Davis Chirchir (born 1960) is a Kenyan politician who is currently serving as Cabinet Secretary for Roads and Transport. He previously served as Cabinet Secretary for Energy and Petroleum in the Uhuru Kenyatta Administration from 2017 to 2022 and in the William Ruto Government from 2022 to 2024.

== Early life and education ==
Davis Chirchir was born in Cheptigit, Kericho in 1960. He joined Kericho high school in 1974 to 1978 when he completed. He later did Form 6 in 1979 to 1980. in 1981 he joined university and pursued a course in physics and computer science.

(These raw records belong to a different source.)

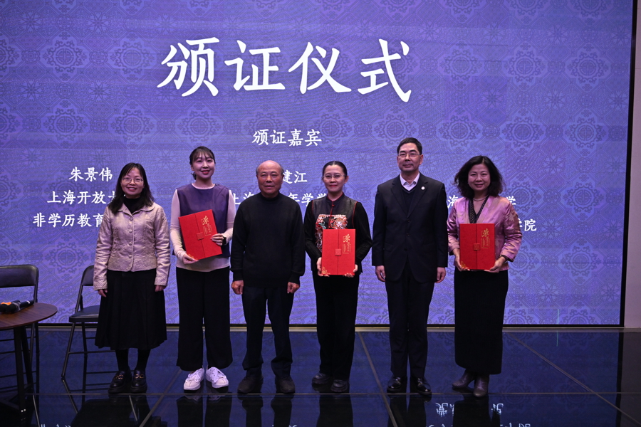 上海市老年学学会会长朱建江与上海开放大学东谈主文与群众处理学院党总支通告林晓英、非学历援助部部长朱景伟一齐为三位主讲嘉宾颁发荣誉文凭。
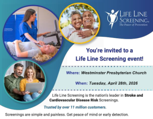 April 14, 2026Residents age 40 and older are invited to take advantage of an upcoming preventive health screening opportunity when Life Line Screening visits Westminster Presbyterian Church on Tuesday, April 28, 2026.
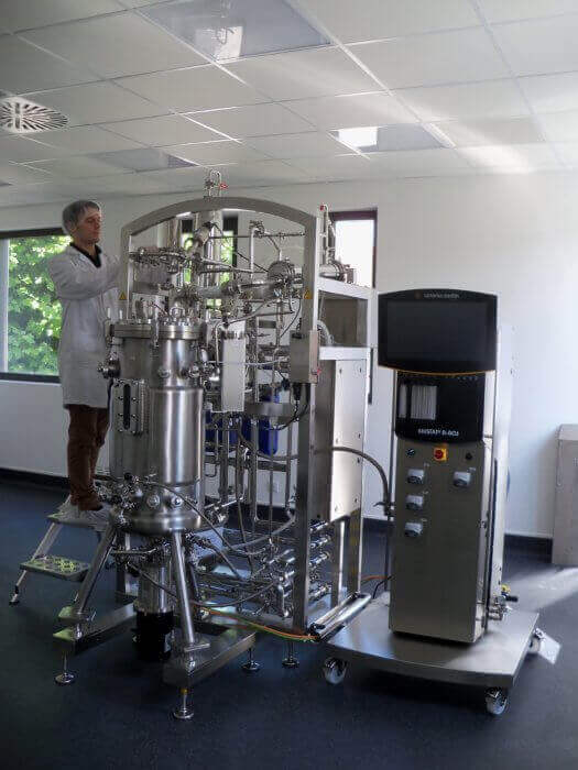 • Zone de culture cellulaire (Upstream) : PSM, incubateur, bioréacteurs de 2 L à 50 L, réutilisables ou à usage unique.
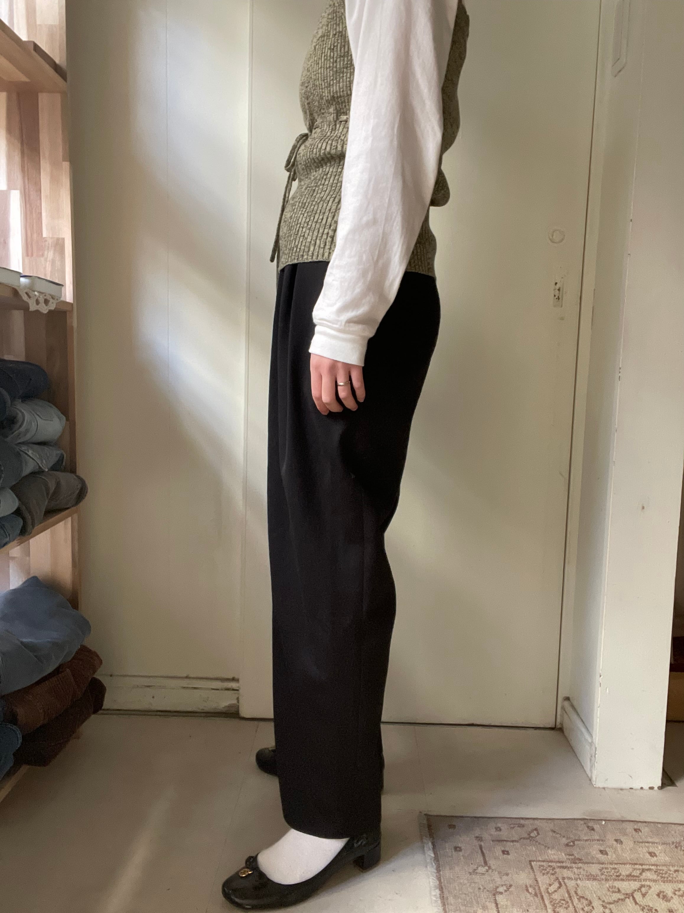 ウール生地ですがチクチク感なく、秋〜春とロングシーズン履いていただけるパンツです
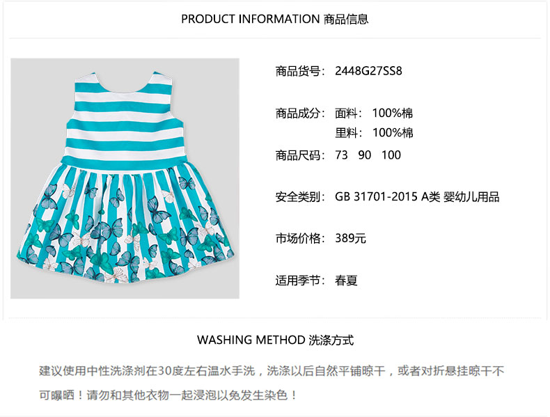 女童春夏绿色蝴蝶连衣裙
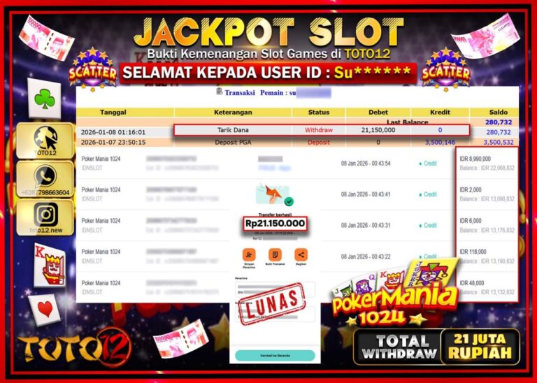 Selamat kepada Member Kami Su****** Telah Jackpot dan berhasil mendapatkan kemenangan besar pada permainan JACKPOT SLOT GAME (POKER MANIA 1024) Dengan Kemenangan Sebesar Rp.21.150.000 –. Setelah mengisi Fomulir Withdraw dengan Kurang waktu 1-2 Menit Dana sudah kami Trasnfer kepada Pemilik Userid dan dana sudah dapat di cairkan oleh pemenang. Bukti Pembayaran yang TOTO12 berikan merupakan Bukti…
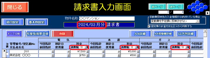 例えば、「請求月(年月分)」が「2024/03月分」の場合、「消費税」欄は「10%」を表示します。
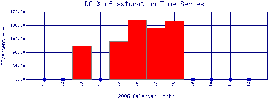 Select on the parameter name to view all DO Percent of Saturation time series plots on the basin map. Select on the table date to view stream DO Percent of Saturation profiles observed on that date. Select here to view all parameters at this site.
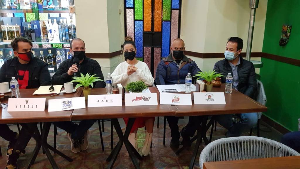 En conferencia de prensa realizada en el restaurante Jade, en el Centro de San Juan de los Lagos, se dieron cita el promotor Manuel Pérez; Mario De Anda, secretario particular del Presidente Municipal; Diana Laura De Anda, Regidora de Turismo y Cultura del Municipio; y Felipe González, Director del Deporte, quienes dieron detalles del evento boxístico.
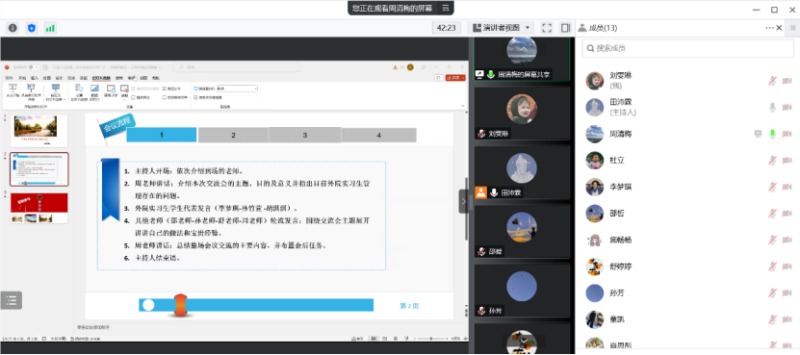 2023年1月17日下午14:30—15:30,医学部周清梅老师主持的“以渔工作室”于线上开展了实习生管理方案交流会。本次会议共同商榷外院实习生最优管理模式,探讨外院校外实习生的最佳管理办法,形成经验总结。
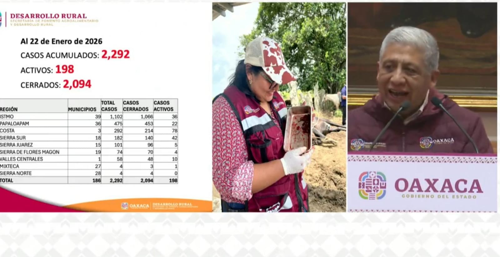 Expresó que hasta el momento los casos presentados en la Mixteca que son menores a diferencia de la Costa, el Istmo de Tehuantepec y la Cuenca, bajo los protocolos y normas oficiales del Servicio Nacional de Sanidad, Inocuidad y y Calidad Agroalimentaria (Senasica), se han dado atención a los animales que han presentado gusano barrenador los cuáles han sido dados de alta sin que hasta el momento se presente ninguna muerte del ganado por esa causa.
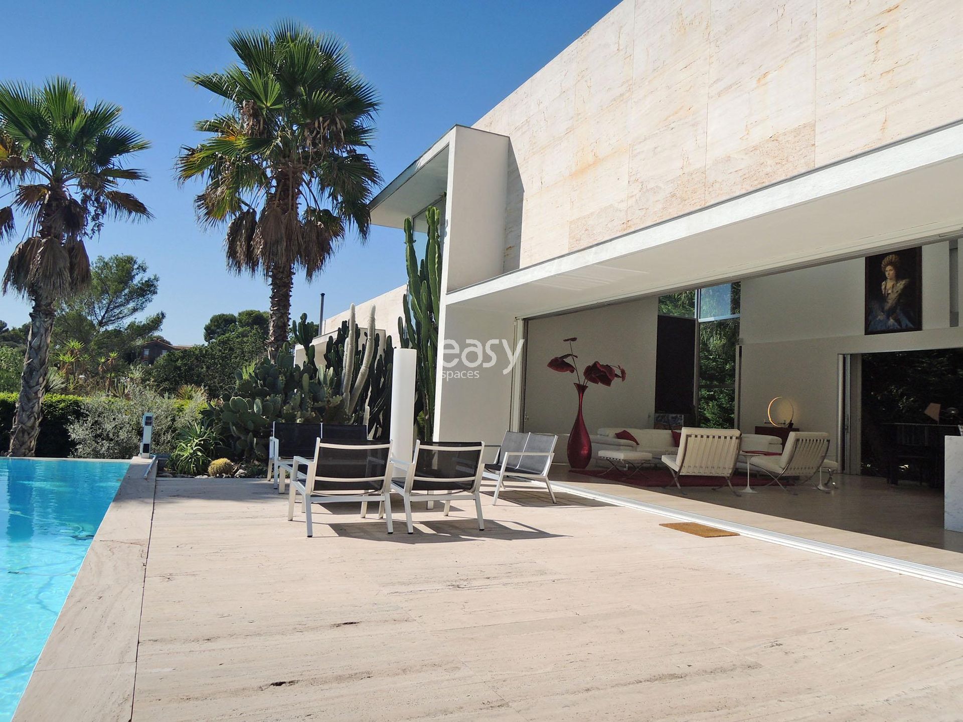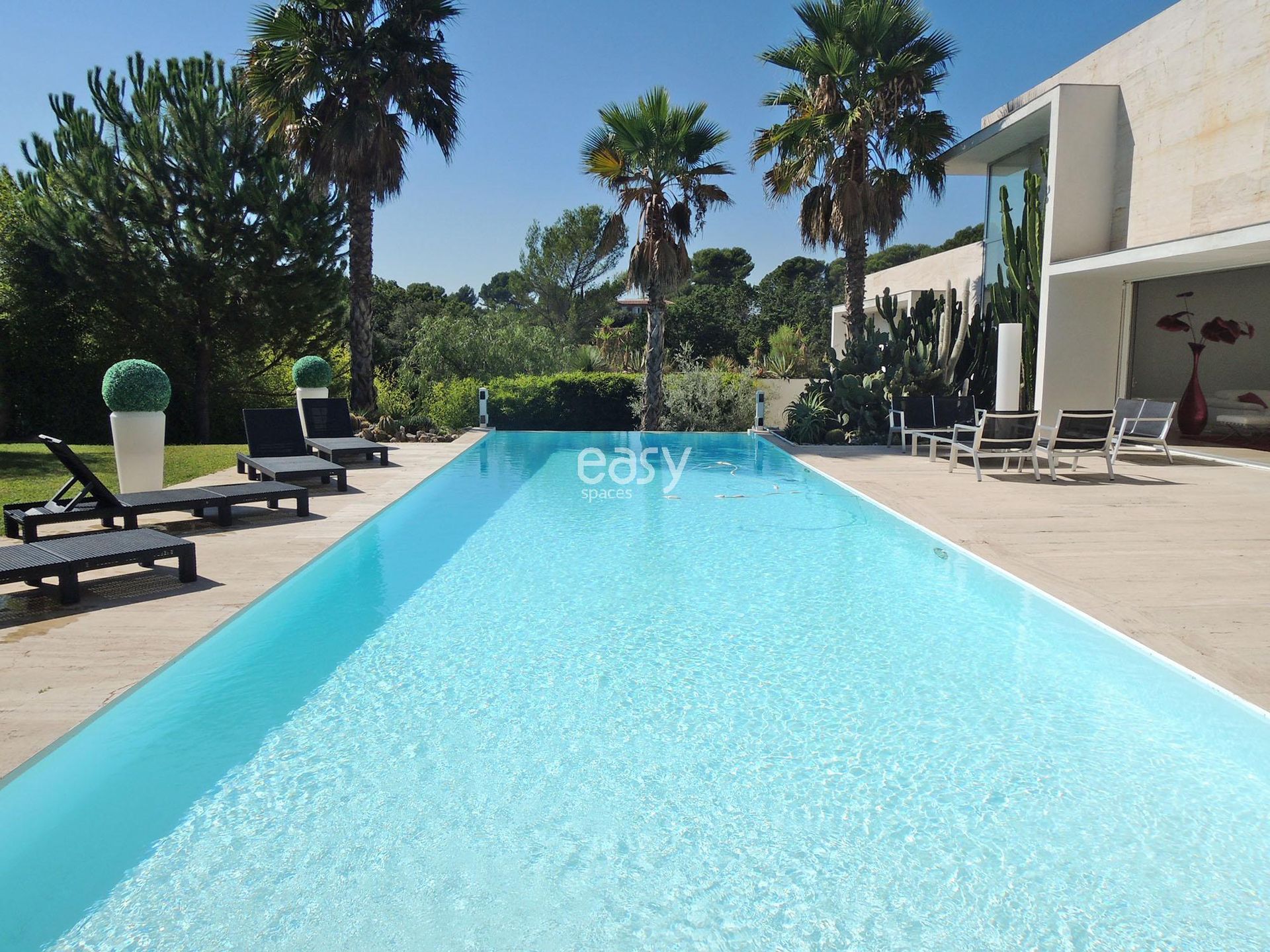 Très belle maison Contemporaine en location pour productions photographiques, tournages et événements professionnels à proximité de Cannes sur la Riviera Française et en région Provence alpes côte d' azur. Cette villa d'architecte offre une piscine à débordement, de grands espaces intérieurs très lumineux, une décoration design et épurée, ainsi qu'une large terrasse et un magnifique gazon, parfaits pour un événement pro.

He graduated in 1985 and joined Kenya Post and Telecommunication Corporation where he worked as a tele-traffic engineer where he handled management of traffic engineering in telecommunication for nine months at Multimedia University.

Chirchir holds a master's in Business Administration in International Management from the Royal Holloway School of Management, University of London. He also holds a bachelor's degree in computer science and physics from the University of Nairobi.

== Career ==
Chirchir became a senior manager at Telkom Kenya. He also served as the secretary general for the United Republican Party (URP), between 2011 and 2013. Chirchir is credited for Jubilee's successes in the 2013 and 2017 general elections where Uhuru Kenyatta defeated Raila Odinga, emphasizing his credentials as a political operative.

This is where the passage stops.